What Scottie wants is compatibility. What Scottie needs is love, respect, and commitment to forming a healthy, long-term, emotionally mature relationship. I want someone who fits my criteria because I’ve worked long and hard on myself, because I’m unique and I don’t have cookie cutter needs, because I deserve a partner who fits me like a glove and I won’t compromise my standards for love or money.

4 comments:

Kasual Whispers said...

Scottie wants me...lol
I can dig it..

Amazon Woman said...

Very impressive, and 100% with you!

Kenny said...

This is an interesting and a very revealing piece. I enjoyed every bit of it. I like the writing style. It is very entertaining.
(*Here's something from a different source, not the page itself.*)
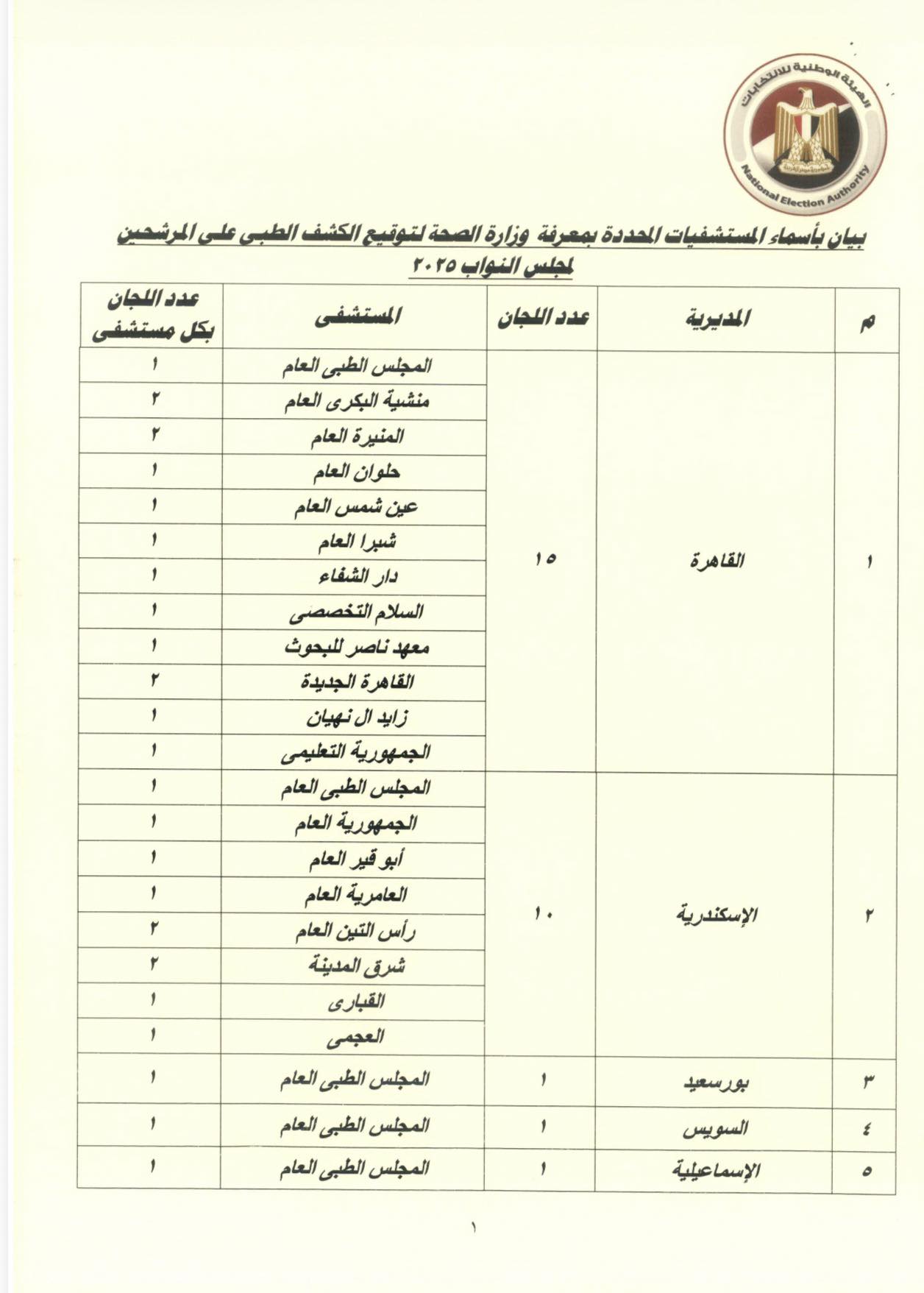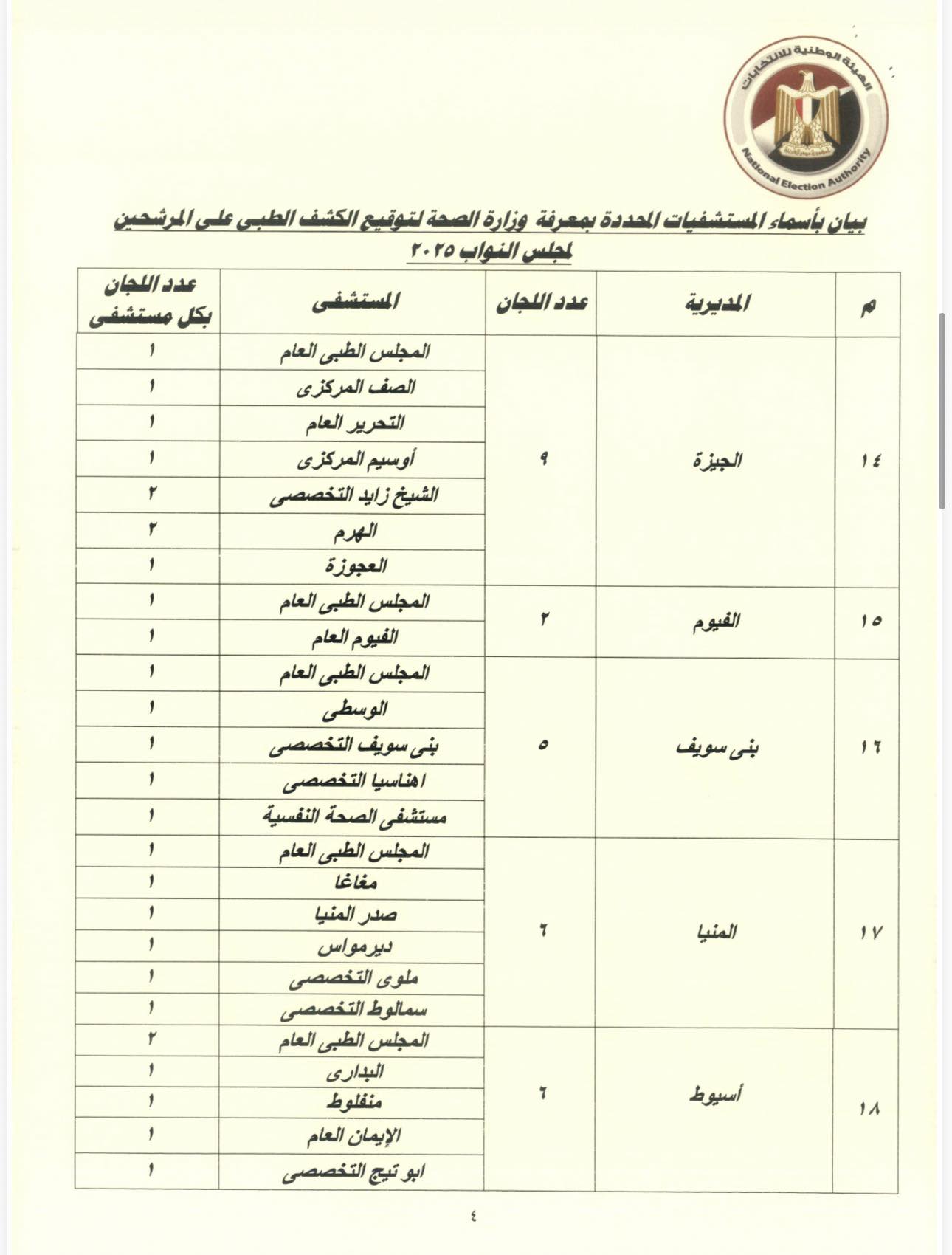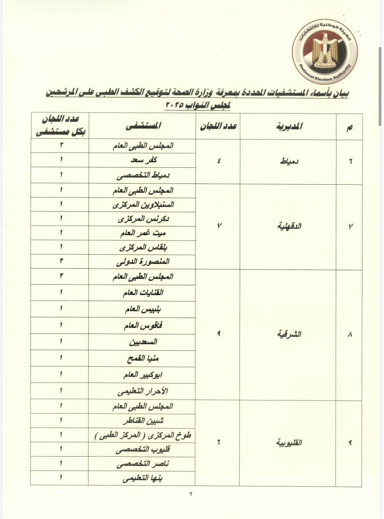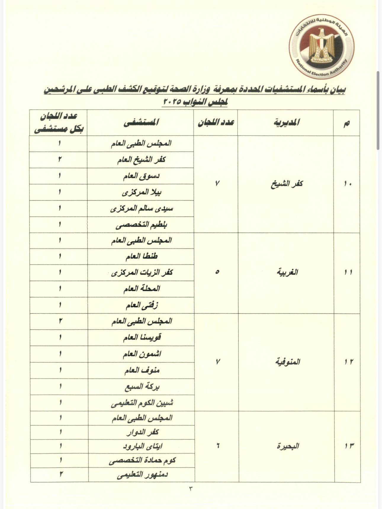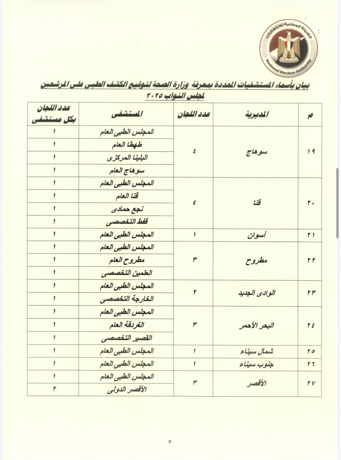 وأكد القرار أنه على الراغب بالترشح ضرورة التوجه لأحد المراكز الموجودة بالقرار لتوقيع الكشف الطبي عليه لبيان خلوه من الأمراض البدنية والذهنية والنفسية بالقدر الكافي لآداء واجبات العضوية، وأنه ليس من متعاطي المخدرات والمسكرات وذلك بالمستشفيات والمعامل التي حددتها وزارة الصحة، وبالنسبة لطالبي الترشح المقيمين خارج جمهورية مصر العربية يتم إجرائها بالمستشفيات المعتمدة لدي السفارات والقنصليات.

I like your imaginative and radical framing of life and living. I enjoyed the tension to unturn and destabilise the status quo and continuously exist in that unstable tension of what is and what ought to be. It is a great example of relativism as the underpinning philosophy of
social constructionism. Notwithstanding, at some point in the write-up, I wondered why you needed a partner? Couldnt you live a meaningful life without one? Is a life without partnership a worthless one? Are you equally open to the option of non-partnership? if not, why not? These are my questions; but I found an answer to them in you statement: "I don’t want to die old and alone" and this association of old age with loneliness is excitingly revealing and at the same time x-rays the emptiness of modernism as a social project.

AfroerotiK said...

It's far more than me not wanting to die old and alone. I was born to love, I have within me, an innate, inherent propensity to love and to be loved. I need to partnered like I need air. It's a part of my genetic makeup. I come from four generations of couples who loved each other. It's all I know, it's all I've seen, it's my identity. Sadly, I've not found anyone close to whom I can give my love in a healthy manner but I know enough not to settle for someone just to have a man.